Exercise materials:
____________

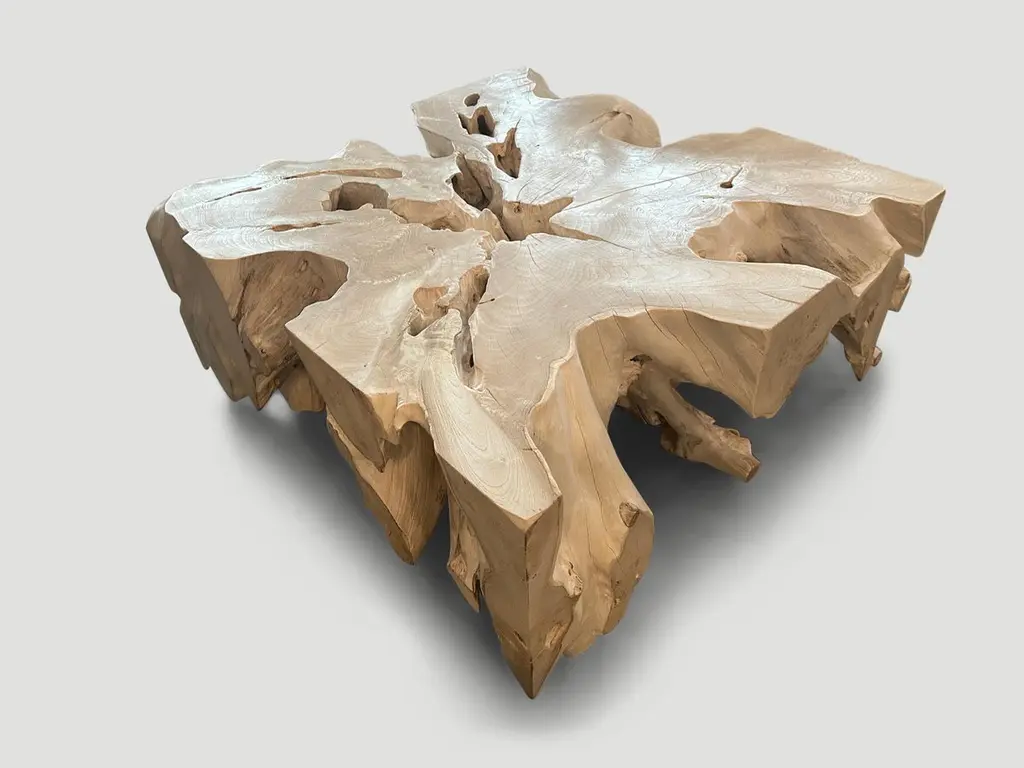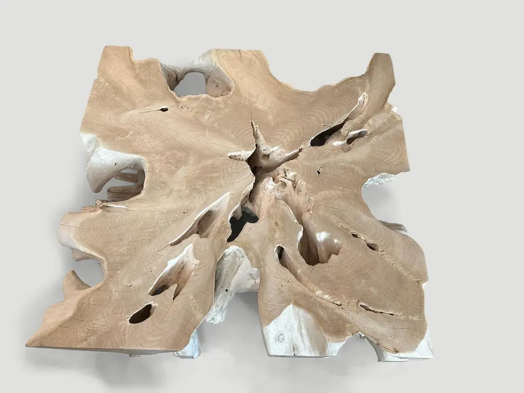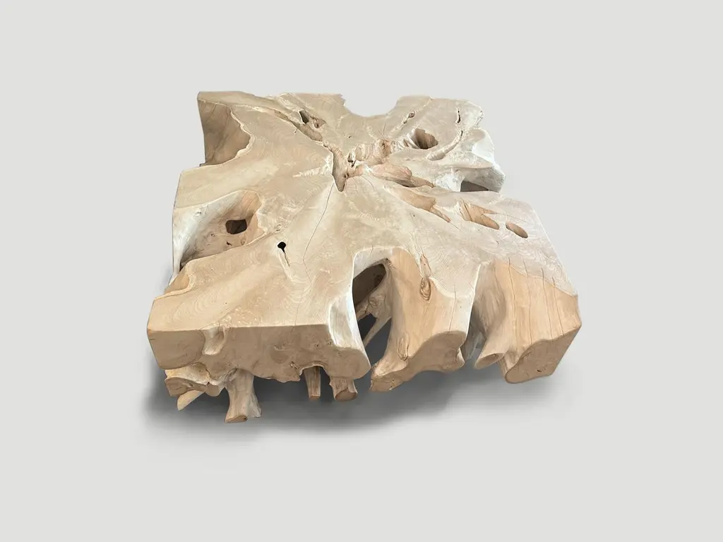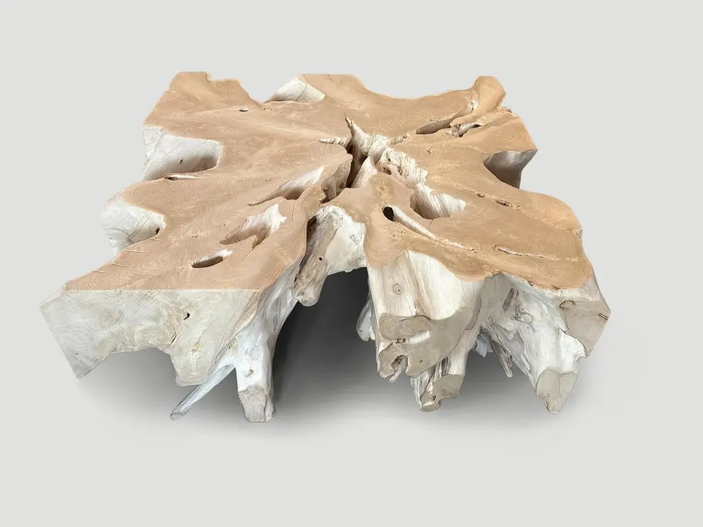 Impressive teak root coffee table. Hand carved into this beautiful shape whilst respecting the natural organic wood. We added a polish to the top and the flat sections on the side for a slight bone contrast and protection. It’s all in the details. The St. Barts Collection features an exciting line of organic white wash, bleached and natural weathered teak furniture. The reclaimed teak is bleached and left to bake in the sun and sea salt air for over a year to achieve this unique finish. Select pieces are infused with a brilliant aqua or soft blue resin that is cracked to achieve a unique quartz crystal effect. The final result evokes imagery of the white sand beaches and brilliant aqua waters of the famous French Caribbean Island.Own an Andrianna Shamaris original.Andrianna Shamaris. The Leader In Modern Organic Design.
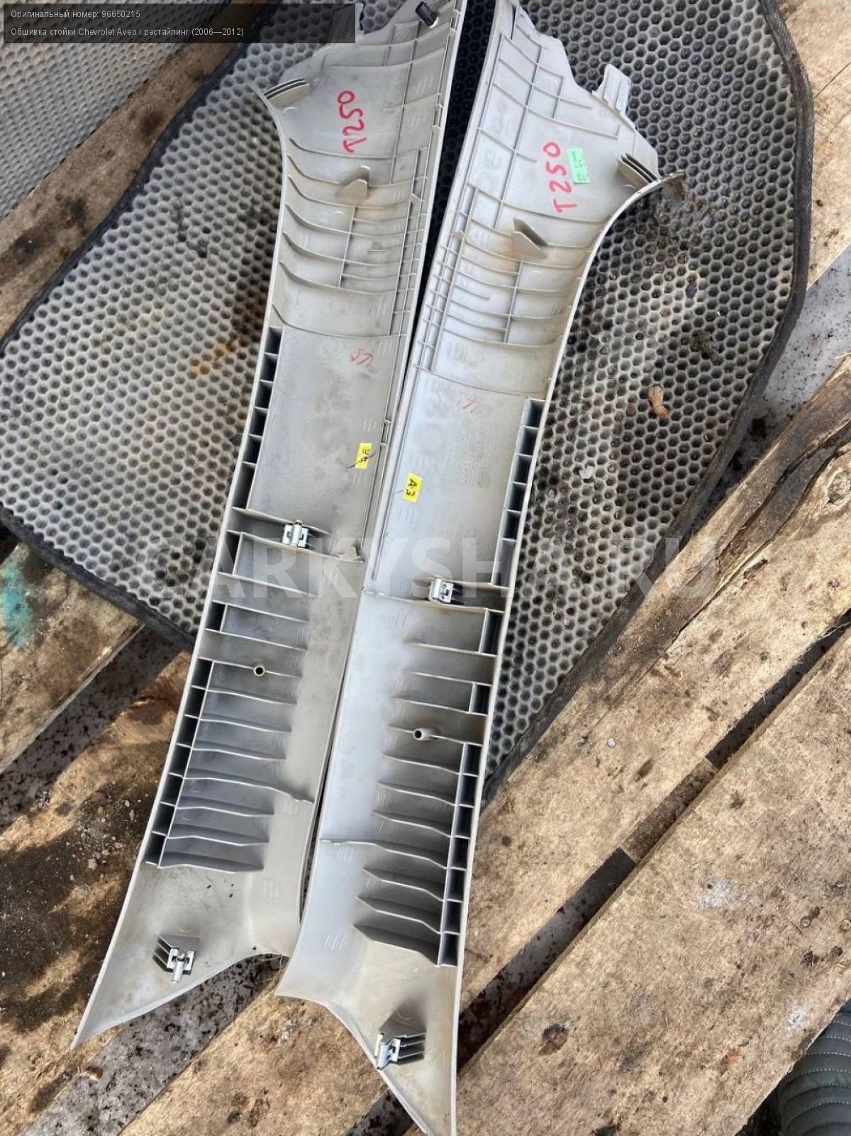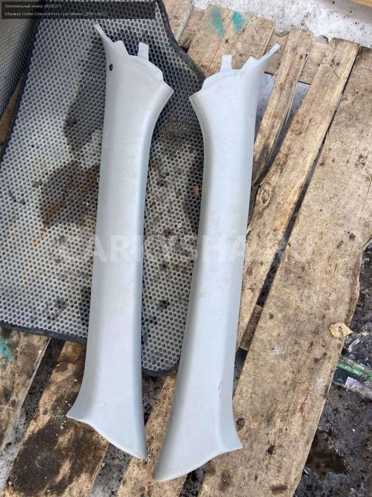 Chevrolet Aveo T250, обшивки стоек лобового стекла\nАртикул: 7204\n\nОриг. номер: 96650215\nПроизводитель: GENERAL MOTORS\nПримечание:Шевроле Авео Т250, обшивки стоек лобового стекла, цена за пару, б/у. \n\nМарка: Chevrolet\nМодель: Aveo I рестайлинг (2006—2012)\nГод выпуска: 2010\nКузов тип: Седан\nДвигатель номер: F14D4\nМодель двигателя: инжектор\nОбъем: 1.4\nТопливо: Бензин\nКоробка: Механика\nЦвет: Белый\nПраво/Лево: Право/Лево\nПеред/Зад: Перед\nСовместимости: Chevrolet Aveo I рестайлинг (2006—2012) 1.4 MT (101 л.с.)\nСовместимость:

____________

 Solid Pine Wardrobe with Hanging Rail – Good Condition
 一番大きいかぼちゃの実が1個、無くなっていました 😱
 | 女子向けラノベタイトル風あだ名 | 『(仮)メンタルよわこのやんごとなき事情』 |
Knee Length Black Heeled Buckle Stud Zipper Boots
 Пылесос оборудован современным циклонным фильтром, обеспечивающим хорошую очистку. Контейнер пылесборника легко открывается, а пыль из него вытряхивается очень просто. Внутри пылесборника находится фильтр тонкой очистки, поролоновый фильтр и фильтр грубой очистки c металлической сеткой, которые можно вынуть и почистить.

____________

Aim of the exercise: Above are the records; copy exactly the lines from the line with "Solid Pine Wardrobe" through the line with "Knee Length Black", both included.

Answer for the task:
 Solid Pine Wardrobe with Hanging Rail – Good Condition
 一番大きいかぼちゃの実が1個、無くなっていました 😱
 | 女子向けラノベタイトル風あだ名 | 『(仮)メンタルよわこのやんごとなき事情』 |
Knee Length Black Heeled Buckle Stud Zipper Boots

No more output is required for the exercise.